Standard data science treats models as black boxes and metrics as arbitrary. The pipeline—data, features, model, tune—discovers nothing about the underlying structure of the domain. Distance between data points carries no meaning; the practitioner is an engineer following a grid, not a scientist discovering a garden.
We present an alternative methodology grounded in information geometry: construct the metric first. Ask what distance means in this data. Use the Fisher information matrix to encode domain meaning onto the geometry itself. Translate expert knowledge into testable variable relationships, verify statistical dependence, and build models from verified structure rather than model selection.
Applied at Synthesia over 10 months, this approach produced 9 production customer intelligence modules—including a churn prediction model (AUC 0.971) with an estimated impact of €6M/year—from data previously considered inseparable by conventional methods.
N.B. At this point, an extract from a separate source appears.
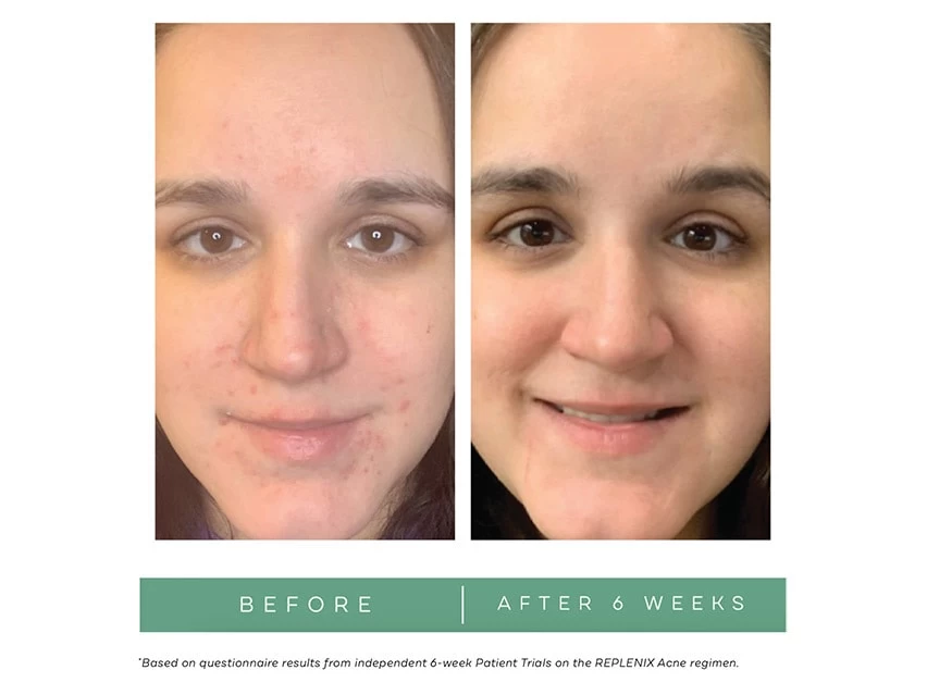 Consumer perception results of a 6-week patient trial using the Replenix Acne Regimen, which includes BP 5% Cleanser, Gly-Sal 5-2 Pads, 10% BP Spot Treatment and Oil Free Balancing Moisturizer:
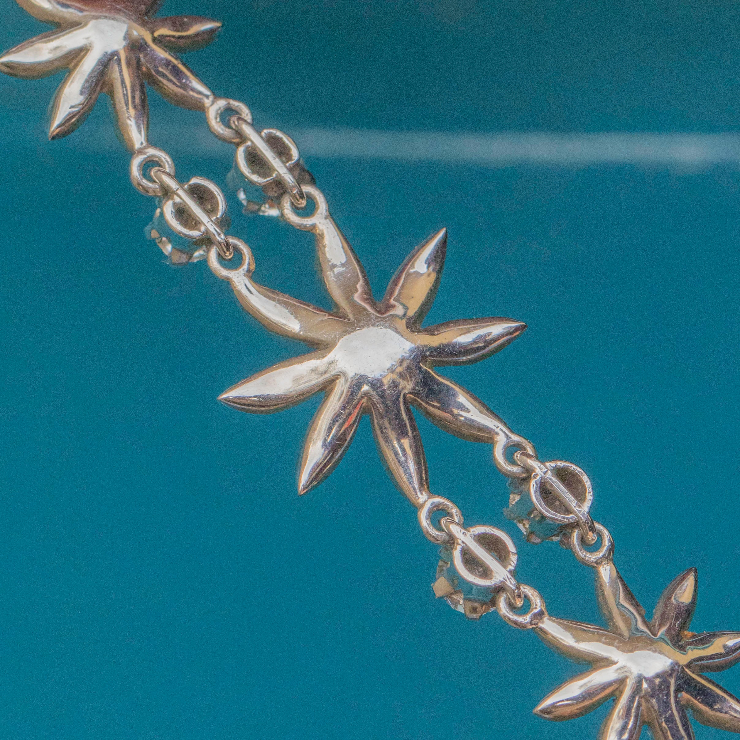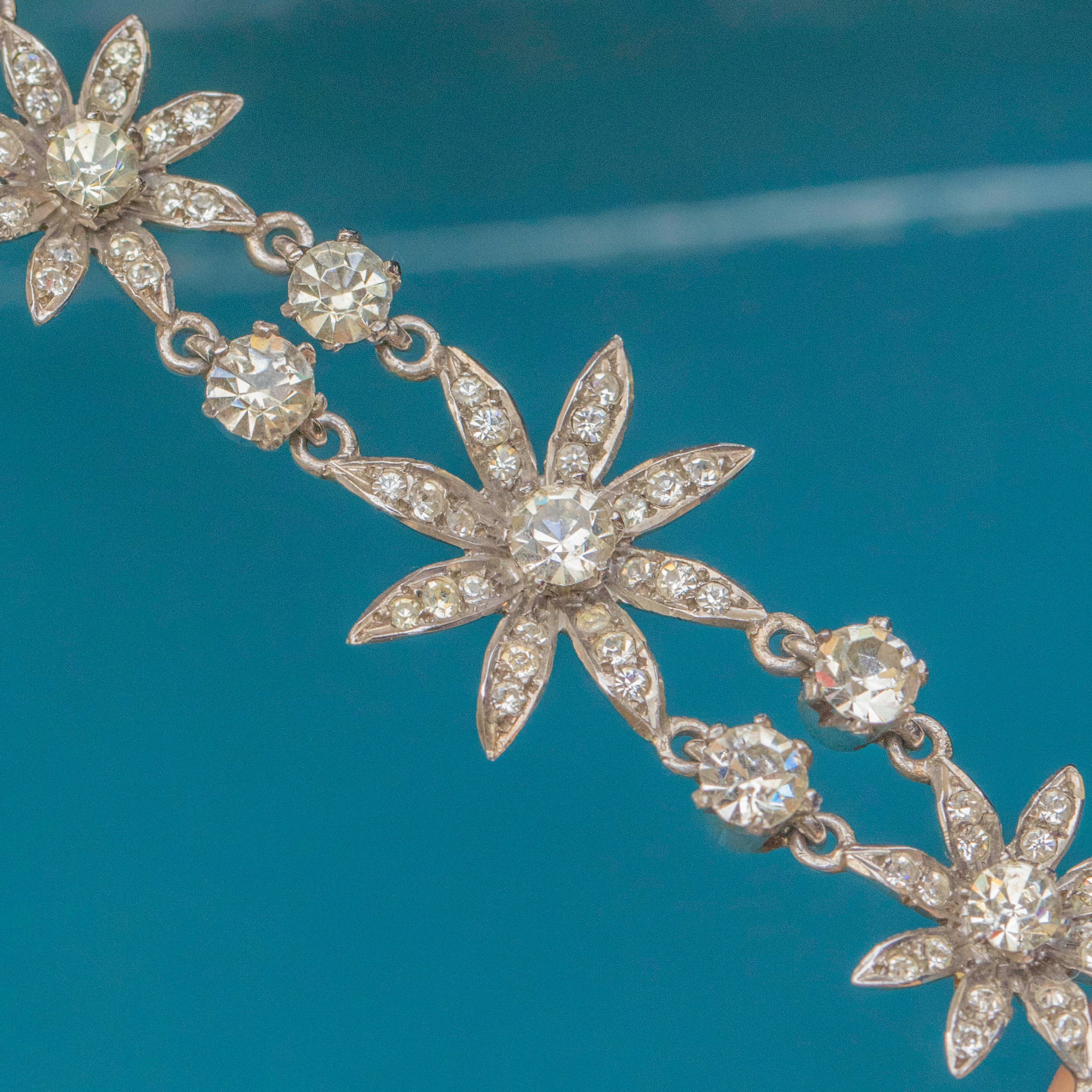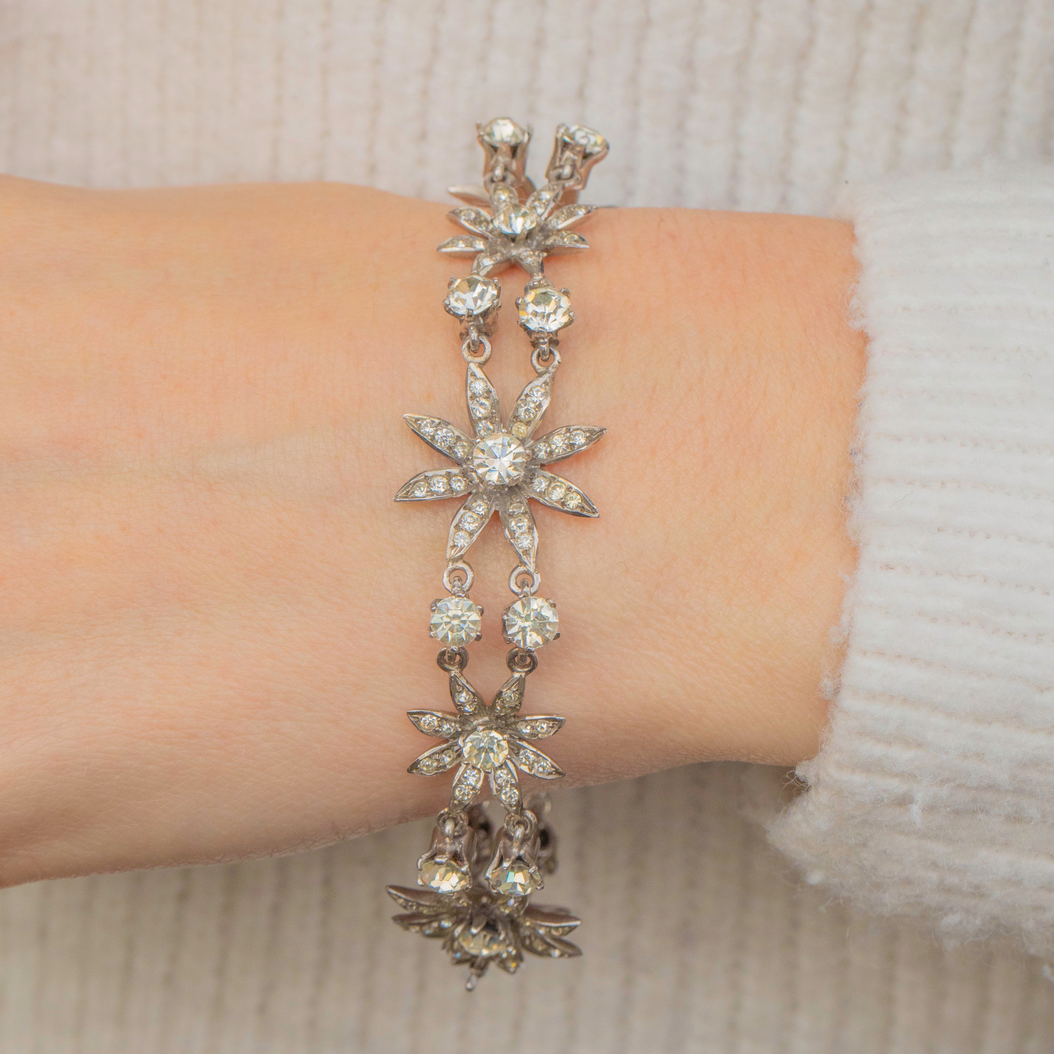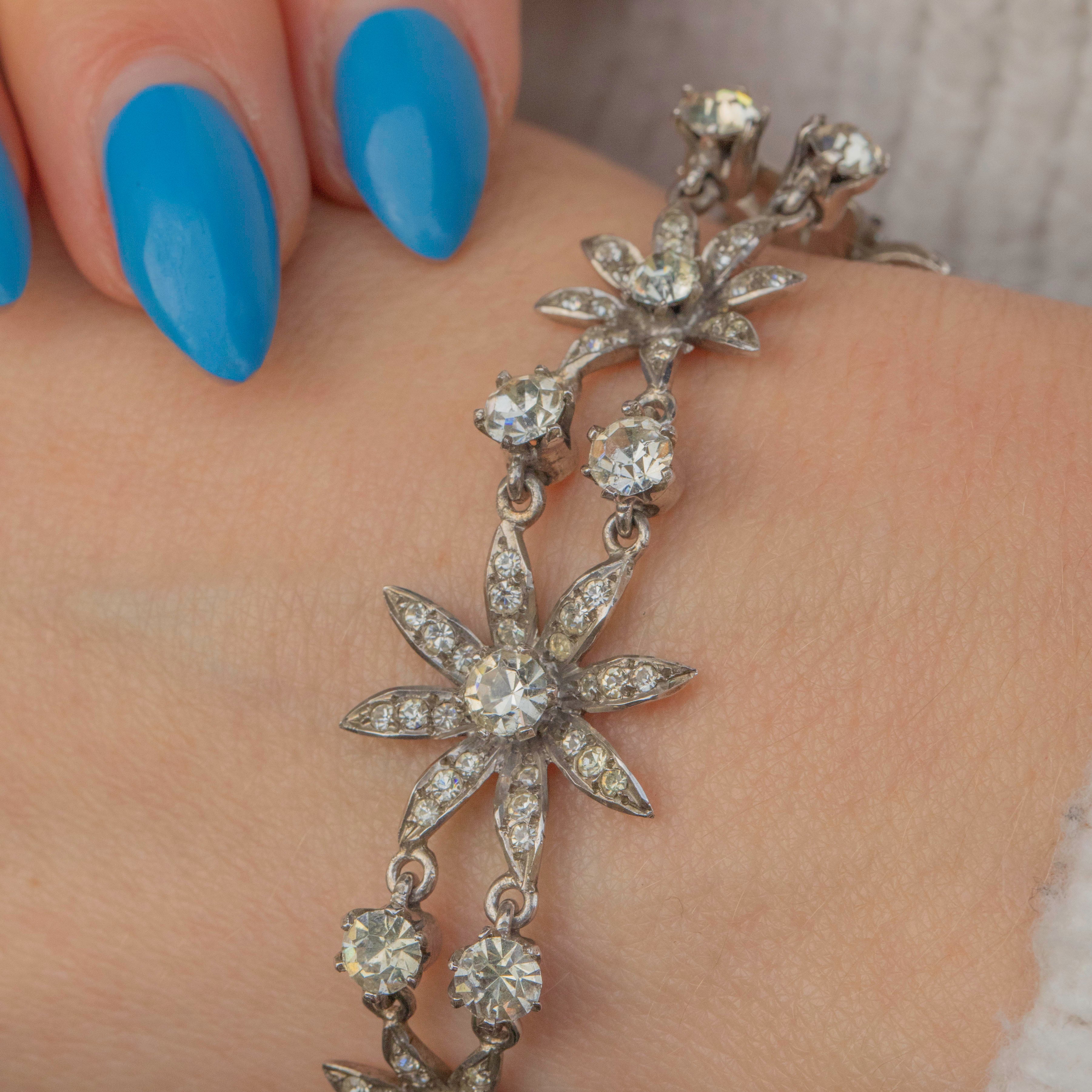 VERY GOOD This Antique Silver Paste Flower Bracelet is in very good antique condition. Her Paste gemstones flicker magnificently under light, with one tiny Paste gemstone missing and some gentle discolouration to a few of her Paste stones, which only adds to her unique character and story. She remains a stunning and wearable piece, ready to bring elegance to any occasion.

The system self-corrects: when relationships between variables weaken, their contribution to the output drops automatically.
We argue that this methodology generalizes because the mathematics is canonical, not chosen. By Čencov’s theorem, the Fisher metric is the unique Riemannian metric on statistical manifolds that respects sufficient statistics. The same information-geometric structure appears beneath thermodynamics (Jaynes, 1957), across the sciences, and in any domain where meaning must be extracted from data. Future work formalizes this practice into executable instructions for agentic AI—automating geometric data science across arbitrary domains.